Avoid common mistakes on your manuscript.
Introduction
Along with impairments in social and communicative functioning, restricted interests and repetitive behaviors are defining features of autism spectrum disorders (ASD) (APA 2000). Yet there is a striking lack of research focused on this symptom domain when compared to the social and communication impairments associated with ASD. Although previous research suggests that repetitive and stereotyped movements (RSMs) are relatively common in young children with ASD (Richler et al. 2007) and can be observed over the course of a relatively brief behavioral sample (Ozonoff et al. 2008), the relation between different types of RSMs and later ASD outcomes in high-risk infant sibling samples has received relatively little attention.
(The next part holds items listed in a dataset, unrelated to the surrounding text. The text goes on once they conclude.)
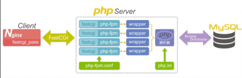 当用户发起http请求,请求会被Nginx处理,如果是静态资源请求Nginx则直接返回,如果是动态请求Nginx则通过fastcgi协议转交给后端的PHP程序处理
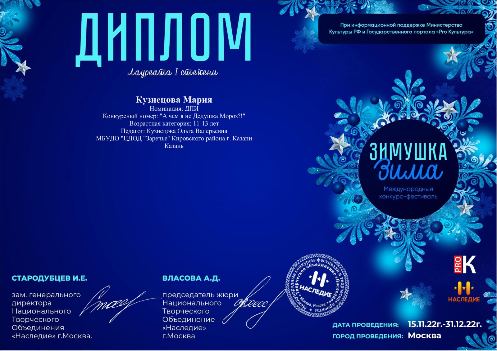 Победа в Международном конкурсе-фестивале «Зимушка-Зима»
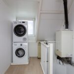 Grote voorzolder met dakkapel en kunststof Velux-raam, laminaatvloer, CV-opstelling, wasmachine- en drogeraansluiting en bergruimte achter de knieschotten.

Retrospective studies have compared the early motor behaviors of children with and without ASD by analyzing home videotapes (Baranek 1999; Osterling et al. 2002; Watson et al. 2007; Werner and Dawson 2005) and obtaining parental reports of behavior (Cox et al. 1999; Watson et al. 2007; Werner et al. 2005; Werner et al. 2000). While several studies have found more frequent RSMs in infants later diagnosed with ASD relative to those with a developmental delay (DD) or typical development (TD) (Cox et al. 1999; Osterling et al. 2002), others have failed to find differences between the ASD and DD infants (Baranek 1999; Watson et al. 2007; Werner et al. 2005) or even between the ASD and TD infants (Werner et al. 2000).
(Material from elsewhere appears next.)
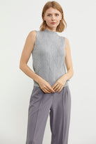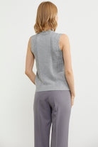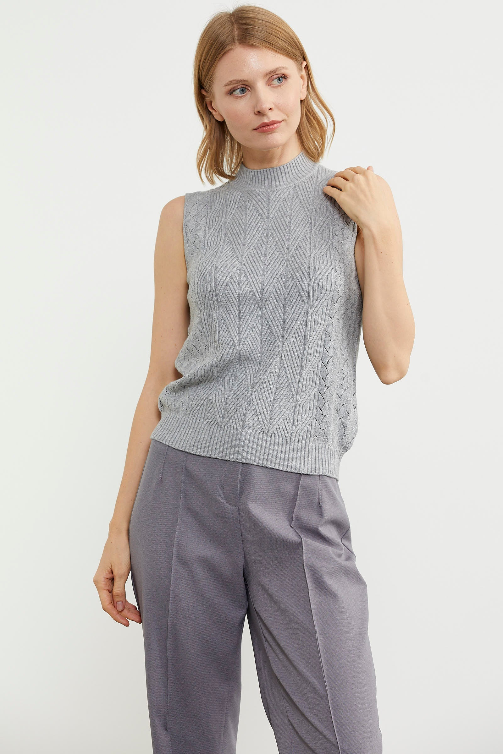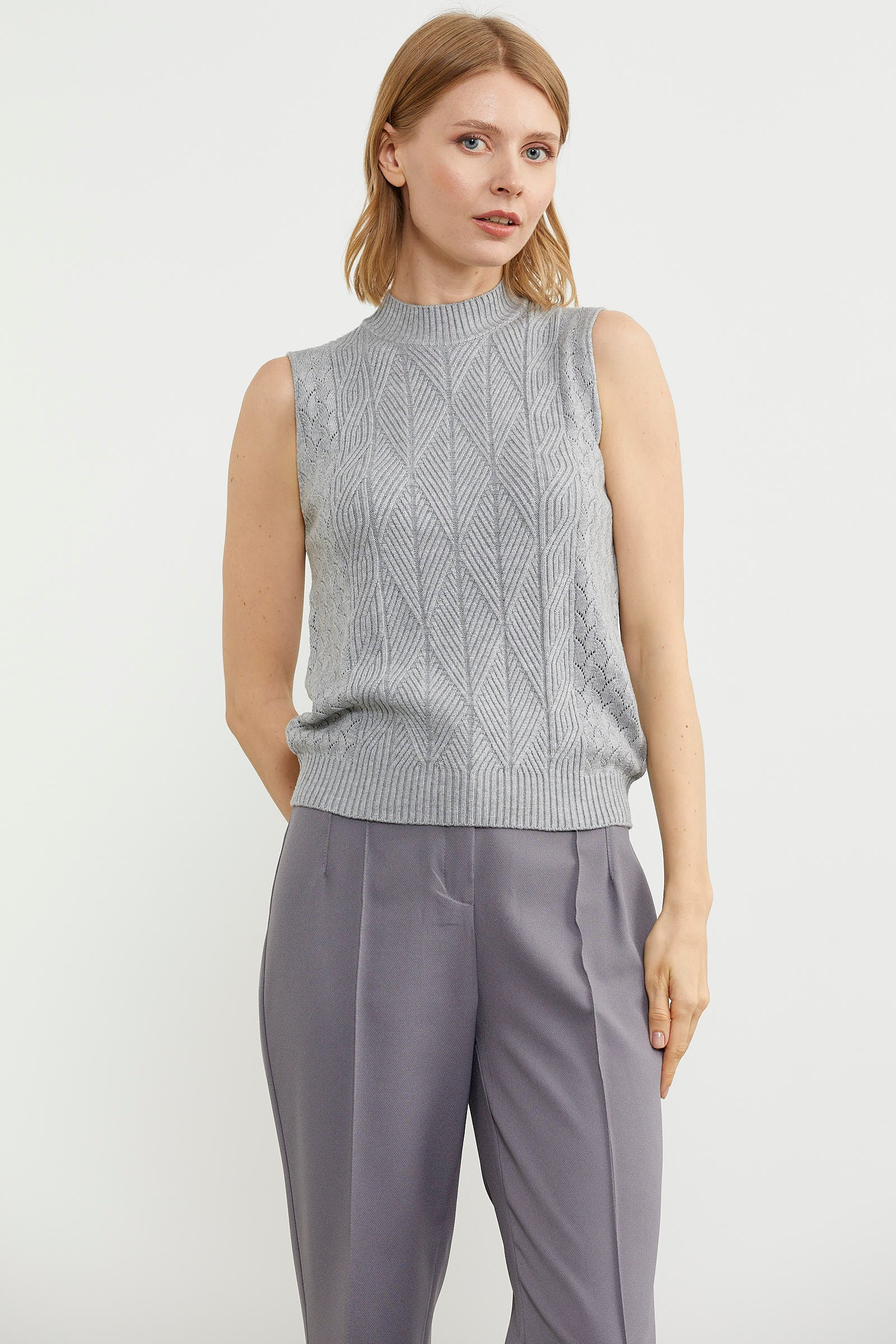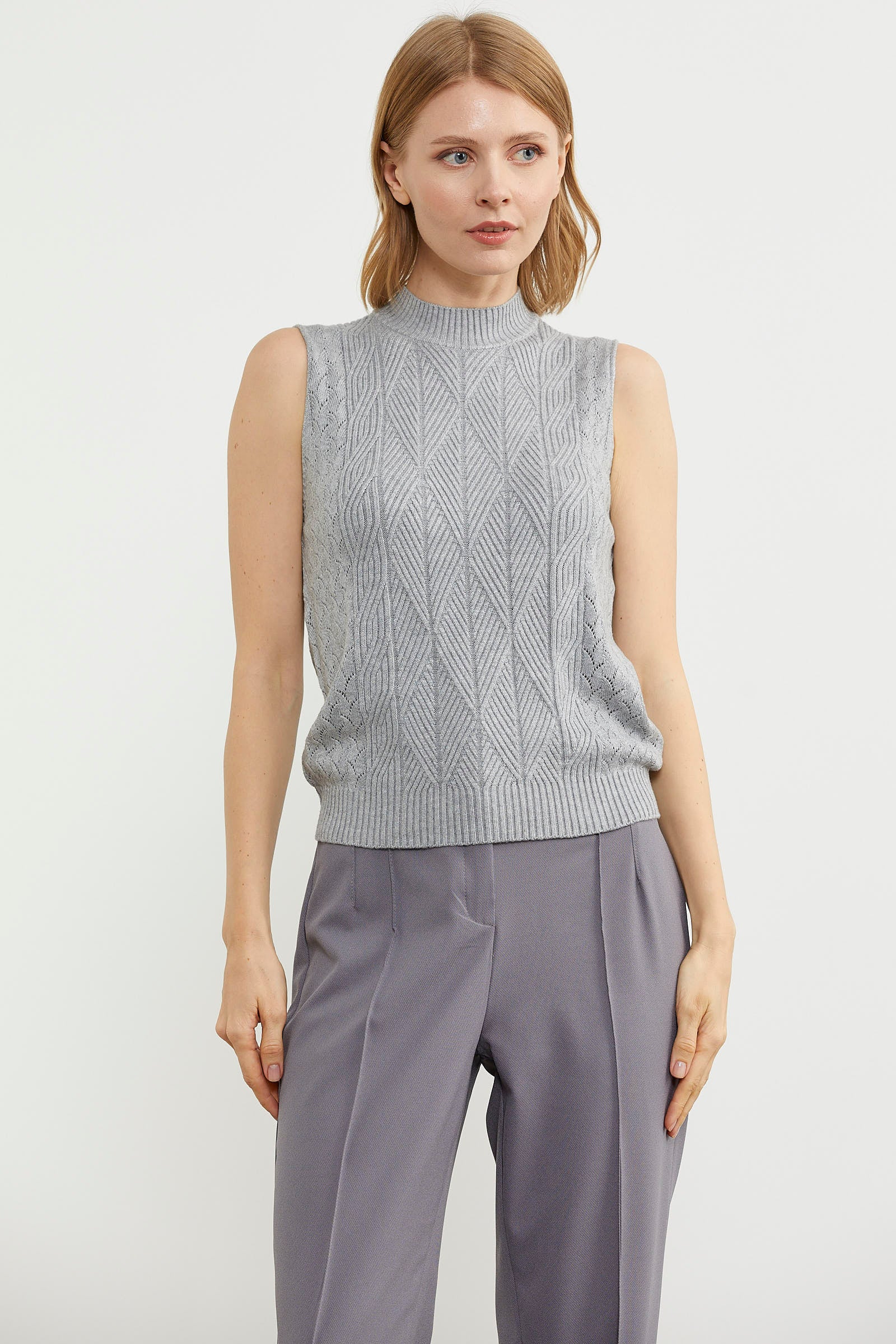 You will achieve a feminine look in your daily combinations while achieving the comfort of a sweater with the zero-sleeved elegant motif piece that gives a contemporary look with its high-neck design.

Prospective studies of infants at elevated risk for ASD, using varying methods to identify their samples, have also obtained mixed results regarding the association between RSMs in infancy and a later ASD diagnosis. Wetherby and colleagues used a population-based parent-report screening tool, the Communication and Symbolic Behavior Scales (CSBS) Infant-Toddler Checklist (Wetherby and Prizant 2002) to identify children under 24 months at risk for communication disorders. Children scoring in the lower 10th percentile received subsequent face-to-face evaluations using the CSBS Behavior Sample (Wetherby and Prizant 2002; Wetherby et al. 2002). RSMs were then coded from the Behavior Sample when children were 18–24 months old using the Repetitive and Stereotyped Movement Scales (RSMS) (Wetherby and Morgan 2007), which provides specific coding definitions for RSMs involving body actions (e.g., flapping, rubbing, posturing) and RSMs involving objects (e.g., spinning, rolling, collecting). Watt et al. (2008) found that the rate and duration of RSMs with body and RSMs with objects differentiated children diagnosed with ASD from those identified as DD or TD at three to four years of age. Using a simplified and revised version of the RSMS to code the rate and inventory (i.e., number of different types) of RSMs, Morgan et al. (2008) found that the inventory (but not the rate) of RSMs with body, and the rate and inventory of RSMs with objects, differentiated those diagnosed with ASD from those identified as DD or TD at three to four years of age. These results together suggest that some early RSMs may be associated with later diagnostic outcomes of ASD.
The association between RSMs and ASD has also been studied prospectively by comparing later-born siblings of children with ASD (Sibs-ASD) to typically developing infants or to later-born infant siblings of typically developing children (Sibs-TD). Compared to Sibs-TD, Sibs-ASD are known to be at increased risk for developing ASD or behaviors associated with ASD (Folstein and Piven 1991; Veenstra-VanderWeele et al. 2004; Zwaigenbaum et al. 2007); in fact, a recent large-scale study suggests that the recurrence risk for an ASD diagnosis in later-born siblings is 18.7 % (Ozonoff et al. 2011). Accordingly, there has been great interest in the longitudinal study of Sibs-ASD because they offer a window into the earliest prodromal behavioral and neurocognitive features associated with a later ASD diagnosis. In addition, even the Sibs-ASD not later diagnosed with ASD may demonstrate subtle impairments related to ASD symptomatology or more general developmental delay (Folstein and Rutter 1988; Piven et al. 1997; Pickles et al. 2000). Longitudinal studies of high-risk siblings thus have the potential to identify early risk markers for ASD as well as developmental patterns characterizing those siblings with non-ASD outcomes.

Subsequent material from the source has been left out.